** Opening Record extracts block **

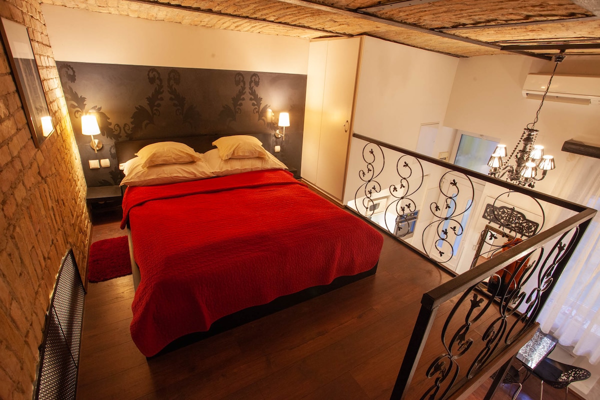Trendy split level 1 bed flat in the heart of Budapest. The flat is in a historical building with high ceilings and period features. Perfectly located, with both Heroes square and the trendy center of Pest close by. Numerous cafe’s, restaurants and shopping opportunities are within a short stroll. It is seconds away from the famous Andrassy Boulevard that links Erzsébet Square with Városliget and was recognised as a World Heritage Site in 2002.
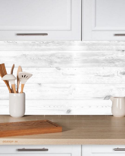 3Boyutlu Kendinden Yapışkanlı Tezgah Arası Folyo Kaplama Açık Gri Kırık Beyaz Ahşap Desen Yatay Tahtalar Model
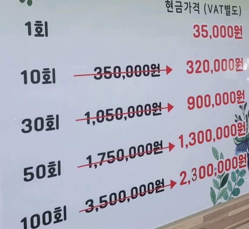 현금가격과 VAT별도 라고 명시되어있는 요금표가 붙어있습니다.
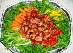 An easy to make recipe for party appetizers.  Pork loin, wrapped in bacon, and smothered in BBQ sauce.  Pair with fresh vegetables, and serve.
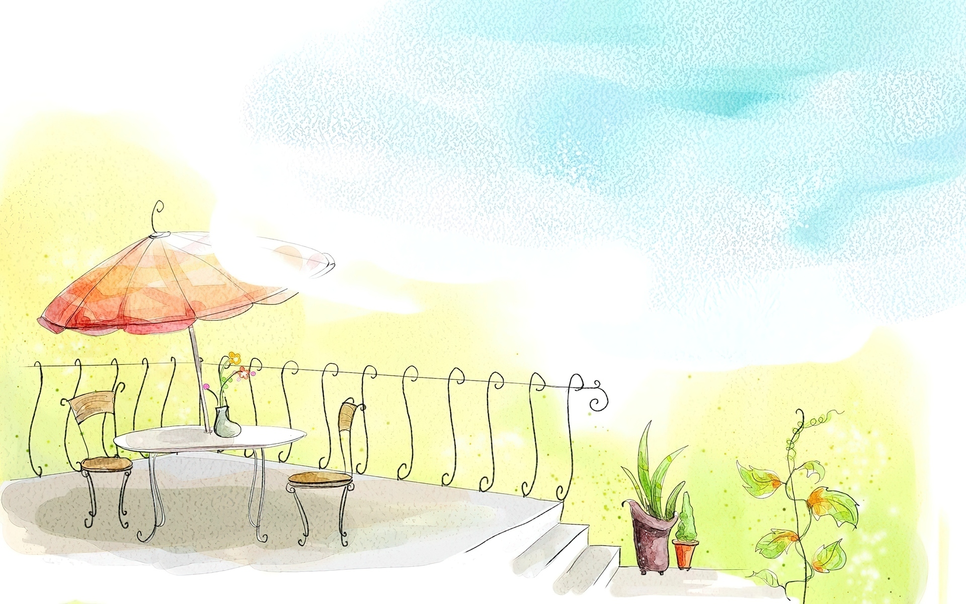 Edytor tapety: Taras, Stolik, Parasol, Kwiaty, Rysunek
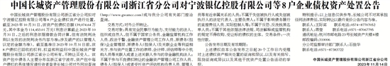 中国长城资产管理股份有限公司浙江省分公司对宁波银亿控股有限公司等8户企业债权资产处置公告
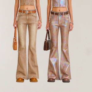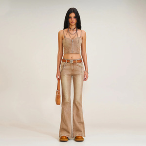 SMFK荒野飓风手工喇叭牛仔裤弹力修身中腰微喇裤25新款
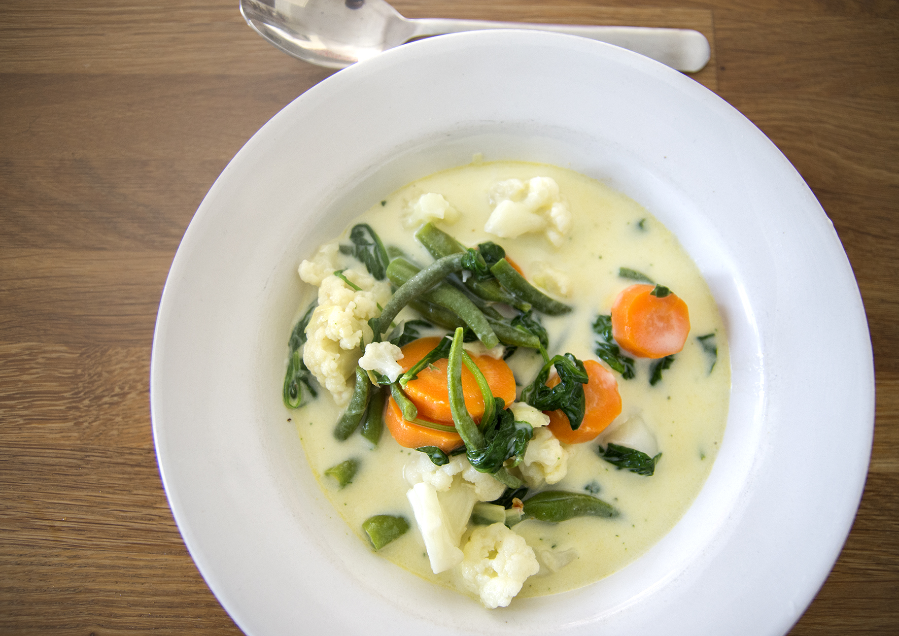 Häll i vatten och låt koka cirka 5 minuter. (Lägg i den frysta blomkålen nu.) Låt koka tills grönsakerna mjuknat något men så att det fortfarande finns tuggmotstånd kvar. Häll i bladspenaten och rör om.
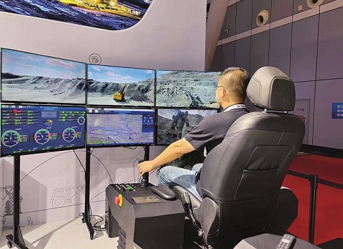 坐在空调房里,工作人员通过操作手柄就能控制矿场的大型挖掘机,依据指令准确地完成一系列操作……这是2022世界5G大会现场展出的5G远程挖矿。
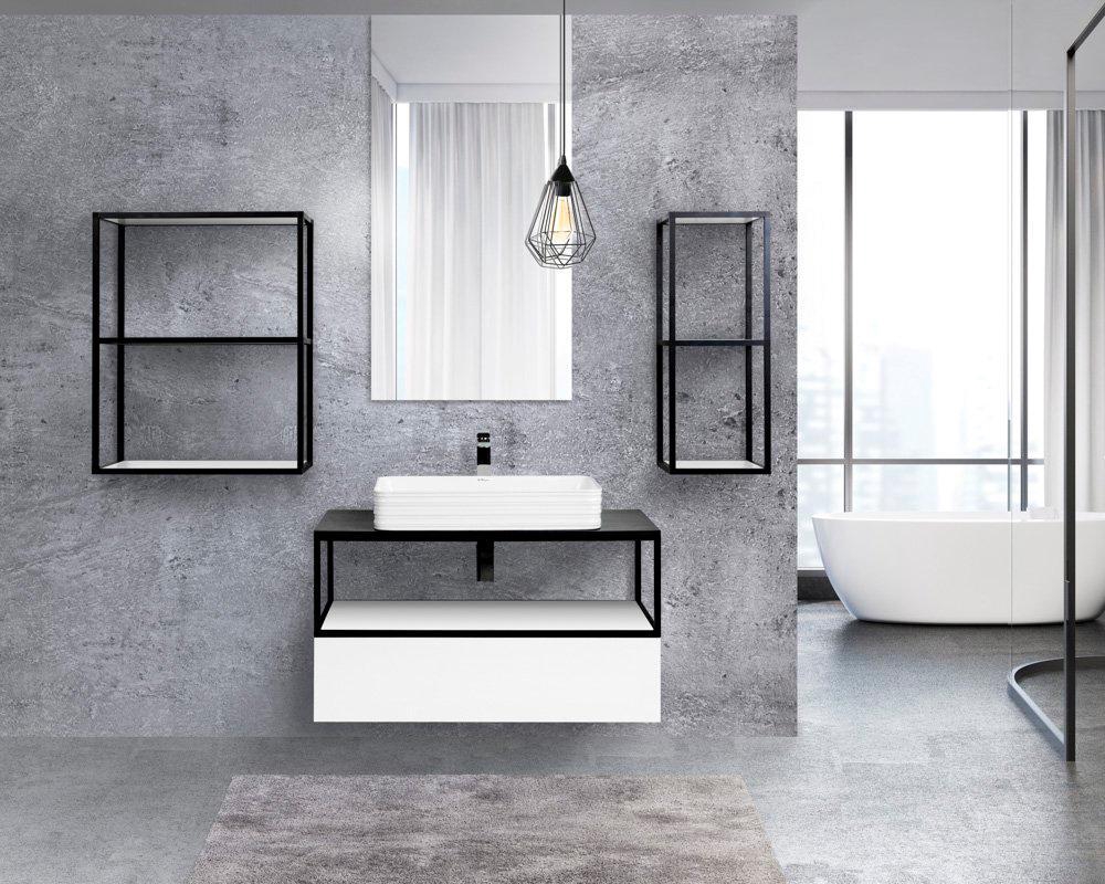 Одноярусный подвесной стальной сварной каркас под раковину, 100х46х30см, (цв.Nero), Cadro ZZ
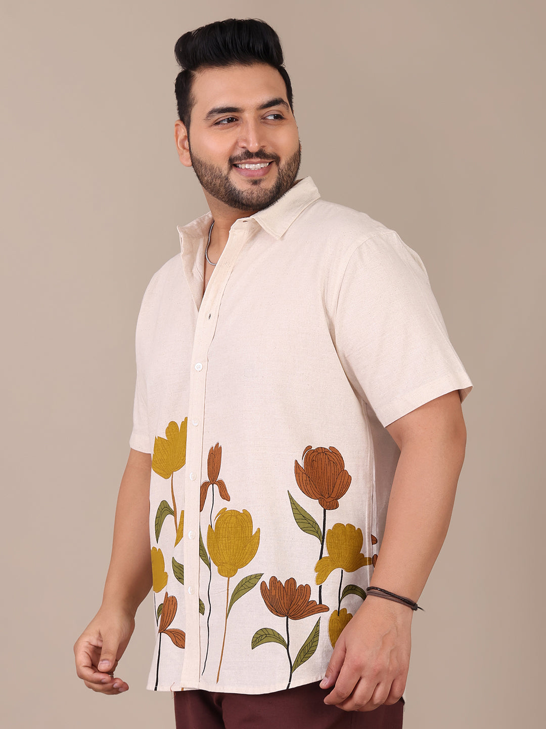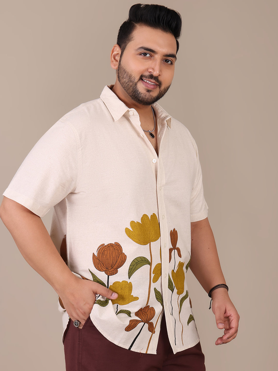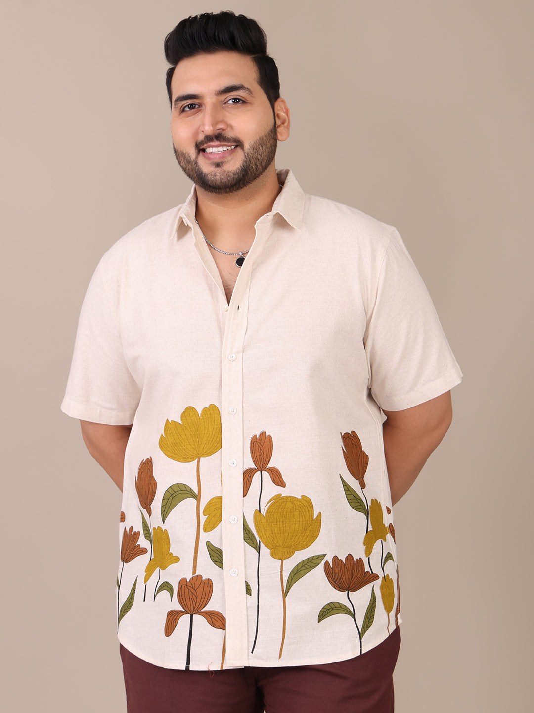 Placement Printed Pure Cotton Casual Plus Size Shirt For Men

** Closing Record extracts block **

● What needs to be done: Would you give again, exactly as written, the lines from the one containing "3Boyutlu Kendinden Yapışkanlı" through the end of the records, with no pictures and no other lines?

● Exercise solution:
 3Boyutlu Kendinden Yapışkanlı Tezgah Arası Folyo Kaplama Açık Gri Kırık Beyaz Ahşap Desen Yatay Tahtalar Model
 현금가격과 VAT별도 라고 명시되어있는 요금표가 붙어있습니다.
 An easy to make recipe for party appetizers.  Pork loin, wrapped in bacon, and smothered in BBQ sauce.  Pair with fresh vegetables, and serve.
 Edytor tapety: Taras, Stolik, Parasol, Kwiaty, Rysunek
 中国长城资产管理股份有限公司浙江省分公司对宁波银亿控股有限公司等8户企业债权资产处置公告
 SMFK荒野飓风手工喇叭牛仔裤弹力修身中腰微喇裤25新款
 Häll i vatten och låt koka cirka 5 minuter. (Lägg i den frysta blomkålen nu.) Låt koka tills grönsakerna mjuknat något men så att det fortfarande finns tuggmotstånd kvar. Häll i bladspenaten och rör om.
 坐在空调房里,工作人员通过操作手柄就能控制矿场的大型挖掘机,依据指令准确地完成一系列操作……这是2022世界5G大会现场展出的5G远程挖矿。
 Одноярусный подвесной стальной сварной каркас под раковину, 100х46х30см, (цв.Nero), Cadro ZZ
 Placement Printed Pure Cotton Casual Plus Size Shirt For Men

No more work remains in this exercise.